Simulations are also invaluable to understand the noise resilience of quantum algorithms. Because the noise characteristics of today’s hardware prototypes often defy analytic treatment, they are instead investigated through small-scale experiments and intensive numerical modelling. Even performance evaluations of perfect noise-free quantum algorithms typically require some form of classical emulation.

Unsurprisingly, such emulation tasks are computationally demanding and memory intensive, so the researchers must use high performance computing (HPC) strategies like data and algorithm distribution when modelling even modestly-sized present-day quantum experiments. HPC simulators of quantum computers are therefore an indispensable tool in the advancement of experimental and algorithmic research.

In this blog post, we describe how to perform large-scale quantum circuits simulations using AWS ParallelCluster with QuEST, the Quantum Exact Simulation Toolkit. We demonstrate a simple and rapid deployment of computational resources up to 4,096 compute instances to simulate random quantum circuits with up to 44 qubits.

Prerequisites

Quantum computing has the potential to accelerate current computation capabilities using the principles of quantum physics, and possibly solve specific complex problems that are difficult to address with conventional computers. This is a major area of research field, where new hardware and software needs to be developed. Currently, a crucial role is played by classical simulations of quantum computers for demonstrating and proofing new ideas and experimenting before a production environment is developed.

Classic simulations

Quantum computers can be classically simulated using a variety of algorithmic paradigms, each with their own costs and performance trade-offs. The choice of the simulation algorithm is often determined by the nature of the questions asked about the emulated quantum device, such as the probability of a particular error occurring, or the expected value of an observable. We will introduce two ubiquitous paradigms: state-vector (SV) and tensor-network (TN) simulation.

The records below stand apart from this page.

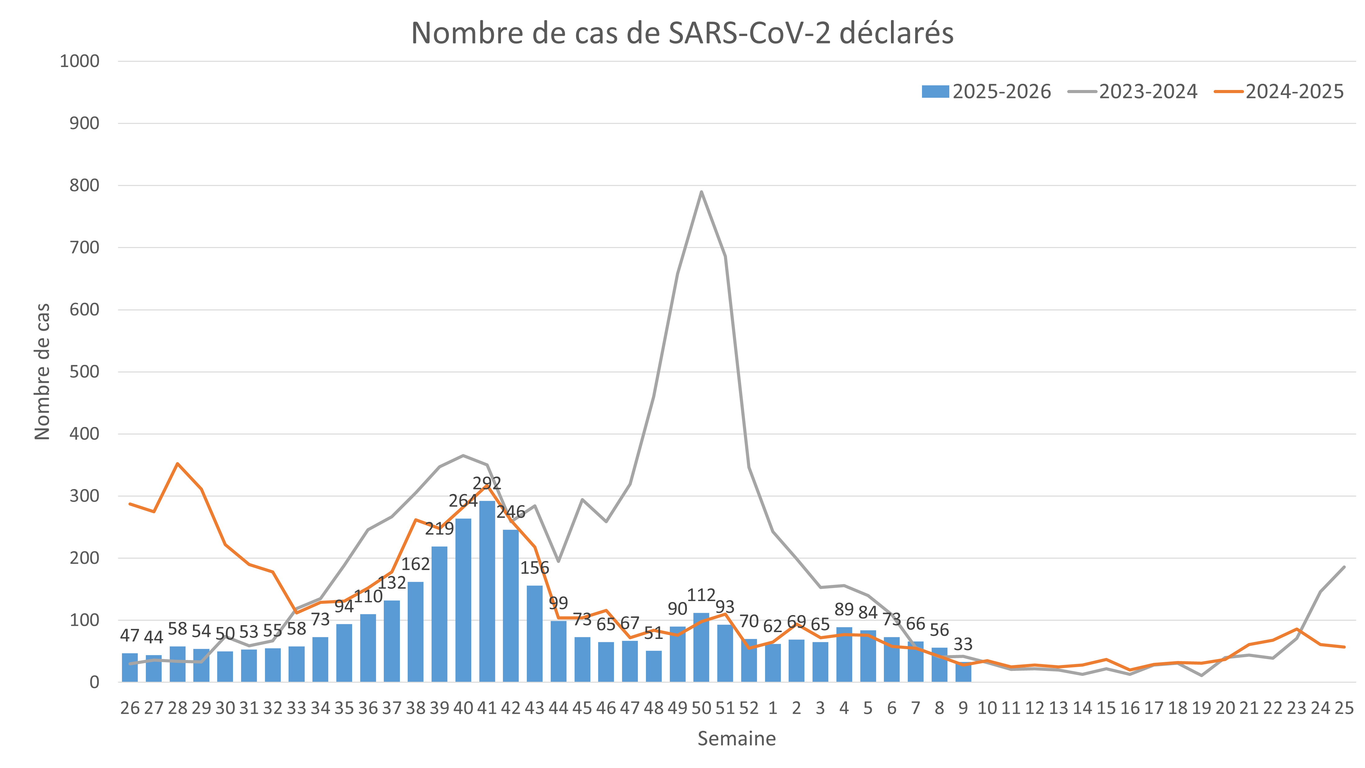 Au cours de la semaine 9, du 23 février au 1er mars 2026, le nombre de cas positifs au SARS-CoV-2 diminue, passant de 56 à 33 cas, soit une diminution de 41 % par rapport à la semaine précédente.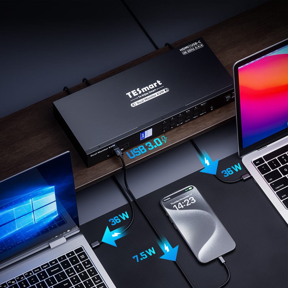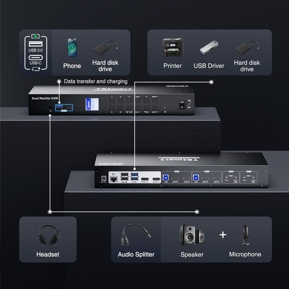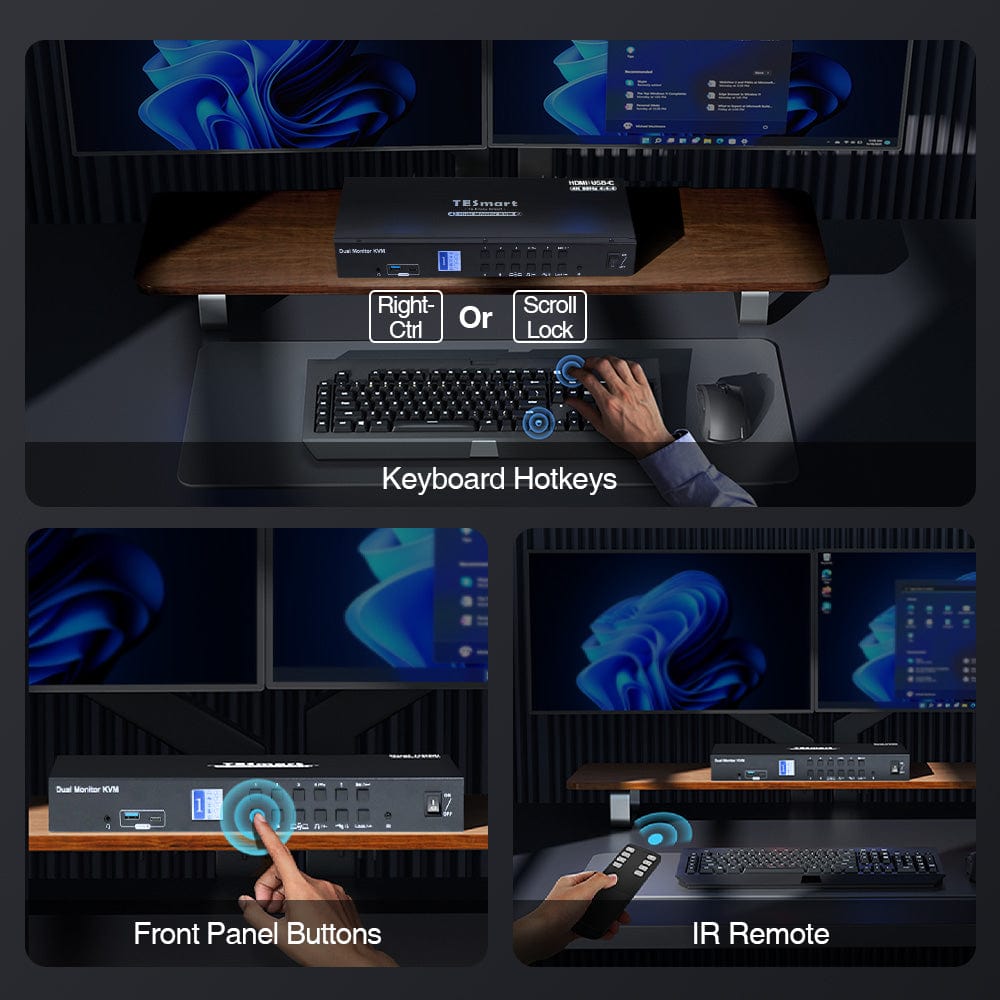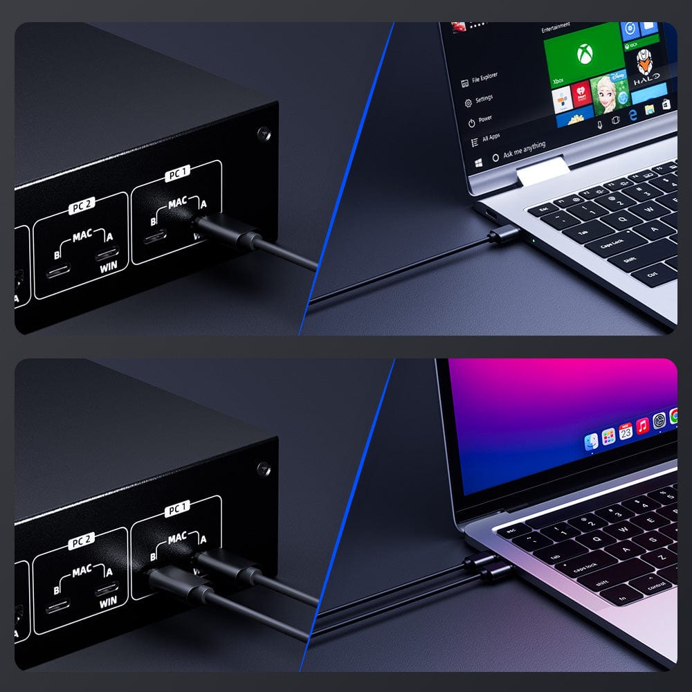 - Steigern Sie Ihre Produktivität mit unserem KVM-Schalter. Entwickelt für eine Dual-Monitor-Konfiguration auf zwei Laptops und zwei Desktops. Stellen Sie sicher, dass MST-fähige USB-C-Anschlüsse für nahtlosen Betrieb vorhanden sind.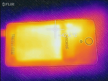 Selbst bei rechenintensiver Benutzung bleibt das 50e Neon in den Händen angenehm, und die Temperaturentwicklung im täglichen Einsatz ist kaum wahrnehmbar. Unter Auslastung des Systems (CPU und GPU) mittels der App „Stability-Test“ für mindestens 1 Stunde messen wir maximal 43,1 °C auf der Geräteoberseite.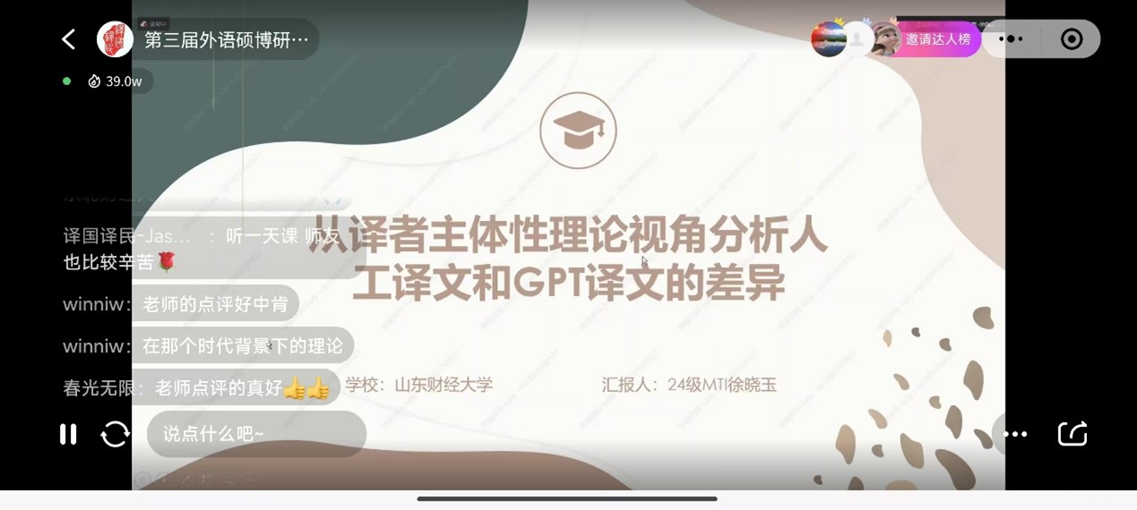随着国际交流日益频繁,全球化进程不断深入,外语学科发展如何回应时代挑战。12月7日,由内蒙古科技大学主办、华东交通大学与曲阜师范大学合办、福州译国译民集团有限公司承办的“第三届外语硕博研究生与外语教师学术发展创新公益论坛”在线上召开,共同探讨MTI教育的前沿议题与发展趋势。此次论坛吸引了众多国内外知名学者与专家,参会师生人数近6000人,覆盖百余所高校。威尼斯人app MTI师生40余人参会,2024级笔译硕士生徐晓玉在会上宣读了论文。

SV simulators, also known as “full-state”, “brute-force” and “Schrödinger-style” simulators, maintain a complete numerical description of the evolving quantum state of a quantum circuit. As such, they require memory that scales exponentially with the number of qubits in the circuit, but their runtime scales linearly with the quantum circuit depth. Since their complete quantum state output permits the precise and efficient a posteriori calculation of any property, they are the conventional first choice of simulator for much of quantum computing research.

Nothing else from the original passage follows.